Les caméras de surveillance et les effectifs de sécurité privés ne cessent eux-aussi d'augmenter, sous les applaudissements, ce qui est probablement le plus inquiétant.

Quant aux intrusions permanentes dans la vie privée désormais permises par les techniques et les réseaux numériques - là aussi avec le consentement enthousiaste des intéressés le plus souvent - il est tellement massif et évident qu'il n'y a pas lieu d'insister.

On attend l'Étienne de La Boétie qui écrira le « Discours de la servitude volontaire » du XXI e siècle.

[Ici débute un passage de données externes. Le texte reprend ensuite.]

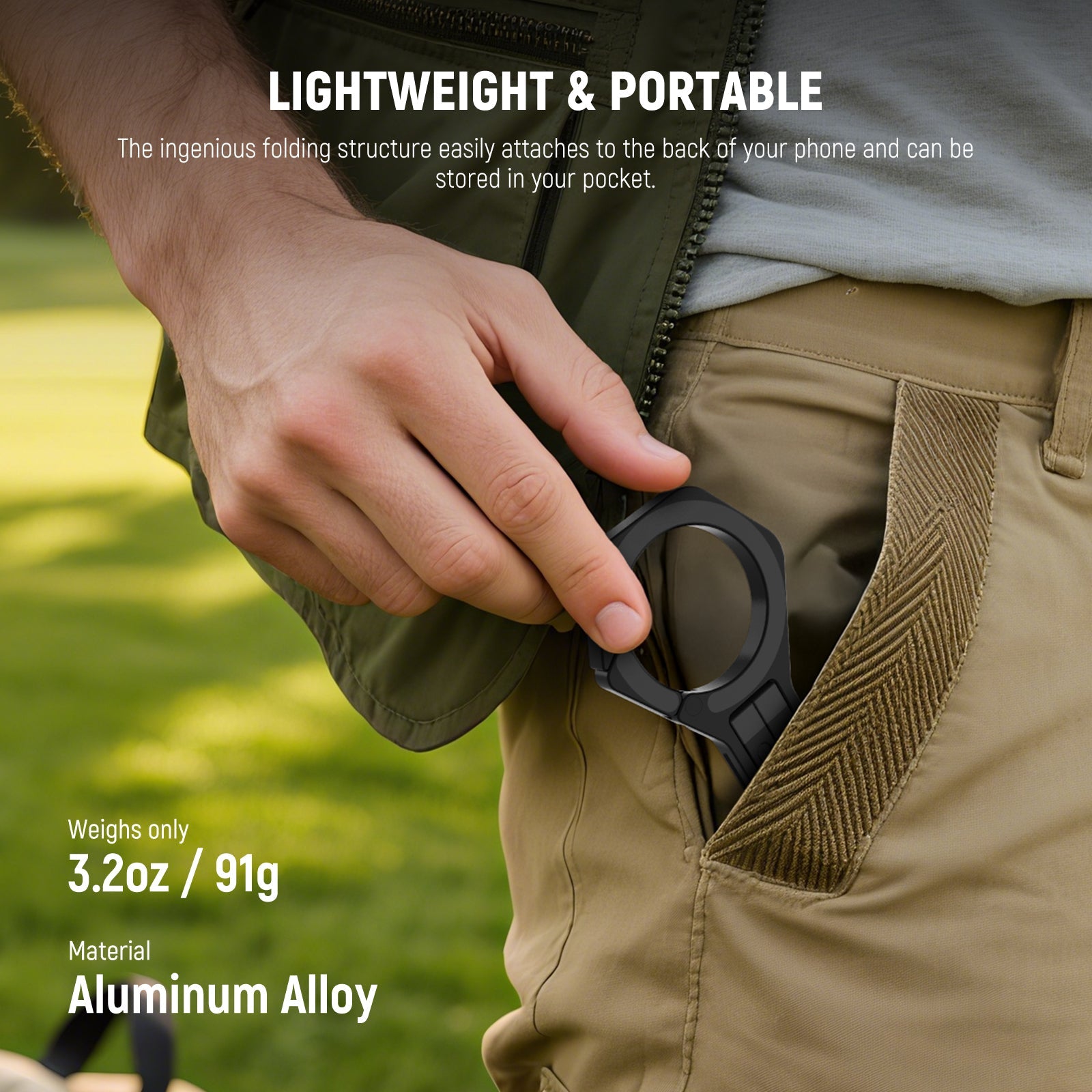 - Lightweight & Portable- Made of aluminum alloy, the magnetic phone holder tripod stand selfie stick weighs just 3.2 oz (91 g), and provides stable support for self vlogging, live streaming, video recording, video calls, online meetings, and more. The ingenious folding structure attaches to the back of your phone and can be stored in your pocket, ideal for outdoor photography and travel as influencer must have gear

La conclusion politique s'impose d'elle-même, la « démocratie libérale » est une démocratie « Potemkine » 258 ( * ) faussement protectrice des libertés dont la façade démocratique (l'élection au suffrage universel des représentants du Souverain) cache une machinerie du pouvoir dont la finalité première est d'interdire toute remise en question de la forme néolibérale du mode dominant de production et de partage de la richesse produite, de ses finalités et de ses bénéficiaires.

Une démocratie dont les usagers sont privés du premier droit des citoyens - pouvoir modifier le régime sous lequel ils veulent vivre -, privés de leur souveraineté donc.

Au cours de ce dernier demi-siècle, l'Empire a donc vu se succéder démocratiquement des majorités parlementaires et des exécutifs (Présidents de la République ou du Conseil, Premiers ministres) se combattant devant les électeurs pour mieux assurer l'essentiel : la pérennité de l'organisation néolibérale de la société.

Ainsi, les « libéraux centristes », pour reprendre l'expression d'Adam Tooze 259 ( * ) , se perpétuèrent-ils au pouvoir, contre vents et marées, appliquant leurs projets, même quand les électeurs se sont clairement exprimés contre, comme ce fut le cas en 2005 en France. Le projet de traité constitutionnel européen rejeté par référendum sera adopté sous une forme à peine modifiée par la voie parlementaire.


* 257 La phrase exacte de Bernard Arnault prononcée lors de l'annonce à l'Obs (25 avril 2017) de son soutien à la candidature à la présidence de la République d'Emmanuel Macron est celle-ci : « On subit une crise tous les dix ans, et j'attends la suivante avec sérénité. On fait souvent de bonnes affaires pendant les crises... ».

* 258 Démocratie Potemkine (voir Prolégomènes)

* 259 Adam Tooze : Crashed, Éditions Les belles lettres.